**Your task**
Copy exactly every line below, from the first through the one that contains "Lafayette 148 New", and skip all pictures.

════════════════════

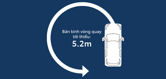 Bán kính vòng quay tối thiểu chỉ 5.2m cho phép di chuyển dễ dàng và linh hoạt trong đô thị, hoặc trong không gian chật hẹp.
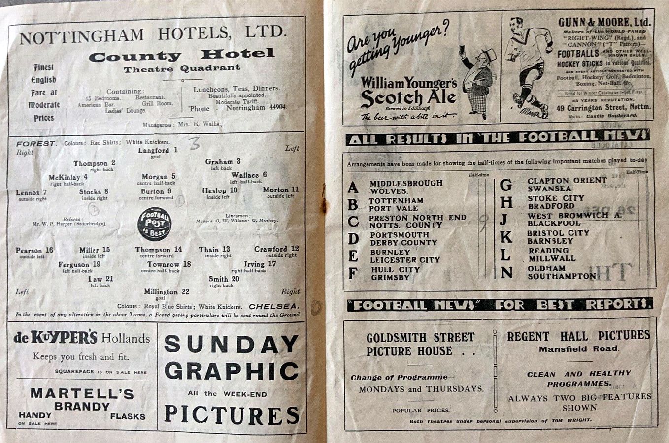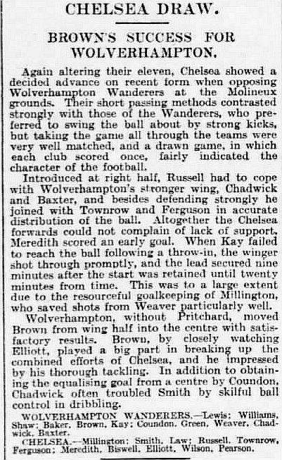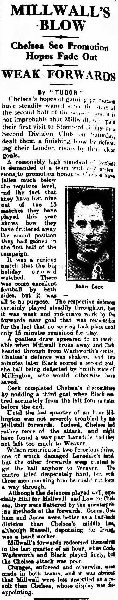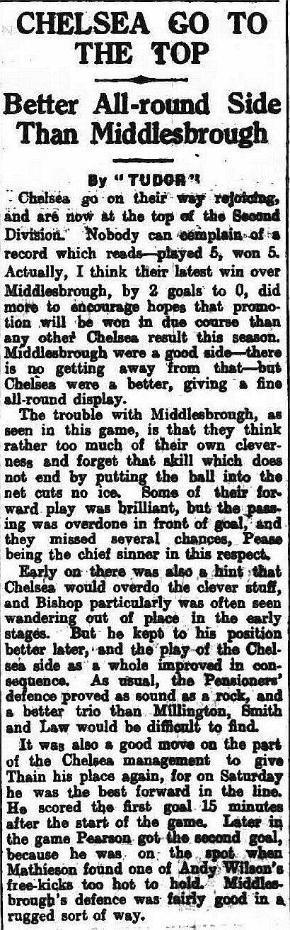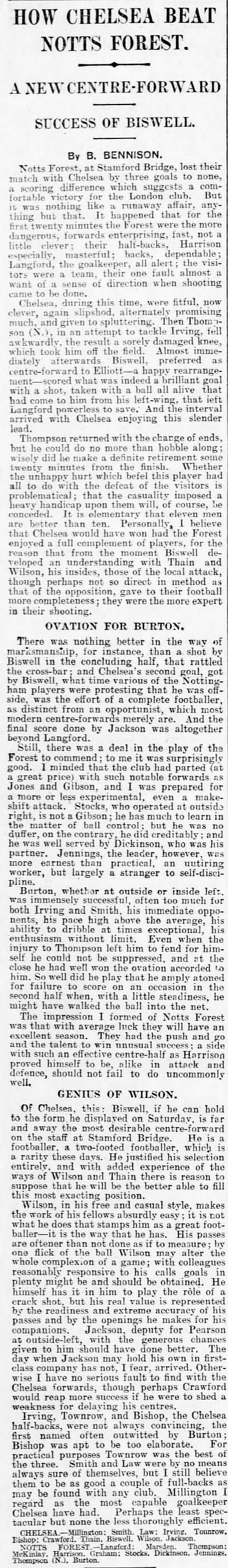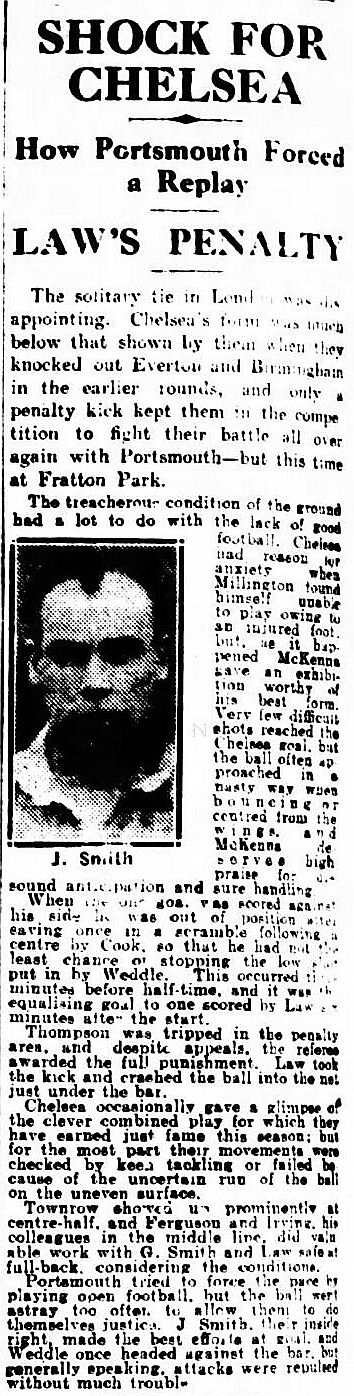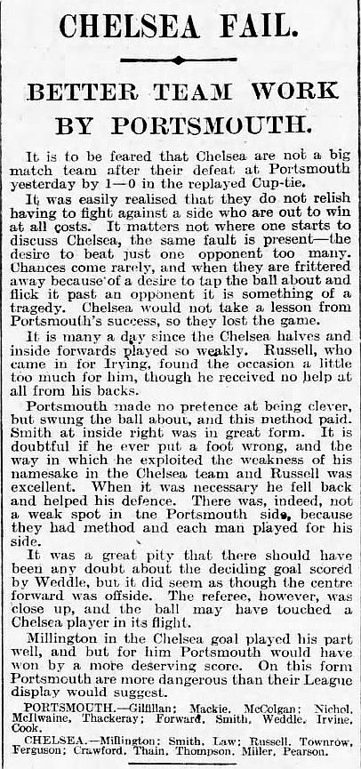 1 Sam Millington, 2 George Smith, 3 Tommy Law, 4 William Russell, 5 John Townrow, 6 Sid Bishop, 7 Jackie Crawford, 8 Reg Weaver, 9 Sidney Elliot, 10 Albert Thain, 11 Willie Jackson |
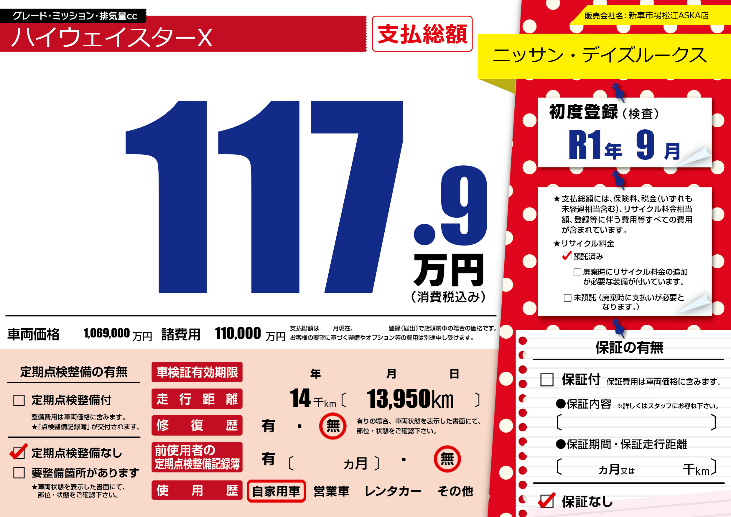 | 車名 | ニッサン・デイズルークス | グレード ミッション 排気量 |
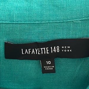 Lafayette 148 New York women's Size 10 teal green linen button up shirt.
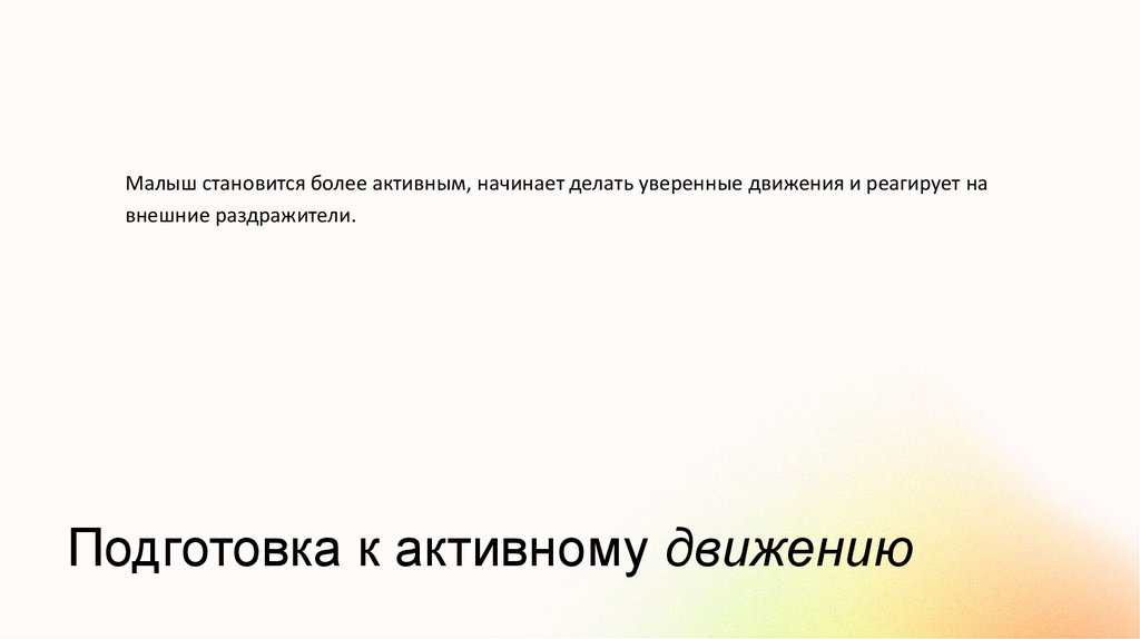 Малыш становится более активным, начинает делать уверенные движения и реагирует навнешние раздражители.
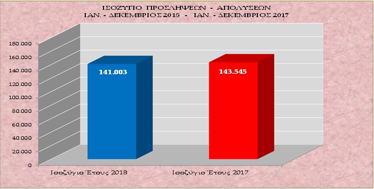 Το ισοζύγιο προσλήψεων – αποχωρήσεων είναι θετικό κατά 141.003 θέσεις εργασίας στο δωδεκάμηνο του 2018 και η επίδοση αυτή αποτελεί τη δεύτερη υψηλότερη επίδοση έτους από το 2001 έως σήμερα, μετά την επίδοση του 2017.
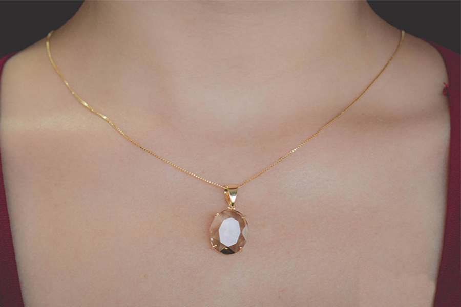 PINGENTE BANHADO EM OURO, CRISTAL OVAL 24x18mm
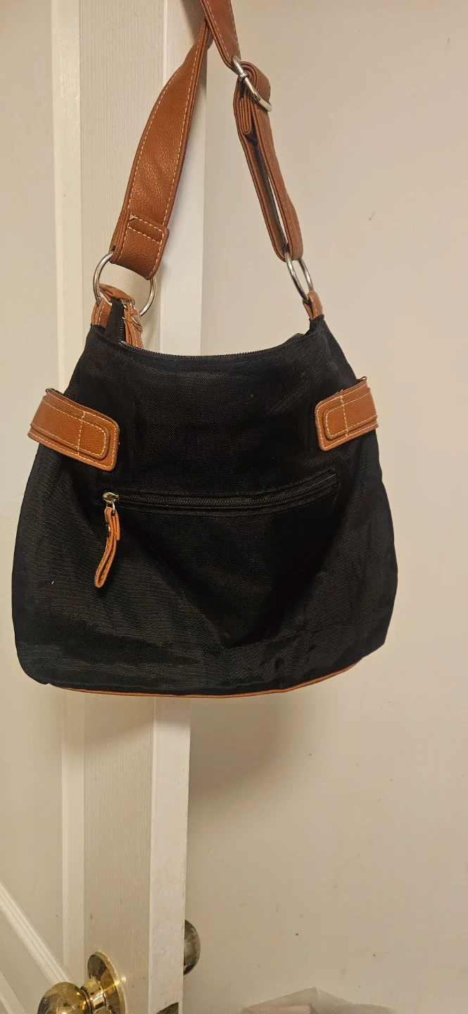 Here's a stylish black Roots crossbody bag! It has a brown trim and is in great condition. Perfect for carrying your essentials while keeping your hands free
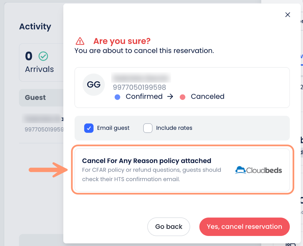 - Compatibilidad con pasarelas de pago: Cancelación por cualquier motivo es compatible con la mayoría de las pasarelas de pago compatibles con Cloudbeds, incluidas Cloudbeds Payments. Sin embargo, Stripe Direct actualmente no es compatible.

════════════════════

**Output of the task**
 Bán kính vòng quay tối thiểu chỉ 5.2m cho phép di chuyển dễ dàng và linh hoạt trong đô thị, hoặc trong không gian chật hẹp.
 1 Sam Millington, 2 George Smith, 3 Tommy Law, 4 William Russell, 5 John Townrow, 6 Sid Bishop, 7 Jackie Crawford, 8 Reg Weaver, 9 Sidney Elliot, 10 Albert Thain, 11 Willie Jackson |
 | 車名 | ニッサン・デイズルークス | グレード ミッション 排気量 |
 Lafayette 148 New York women's Size 10 teal green linen button up shirt.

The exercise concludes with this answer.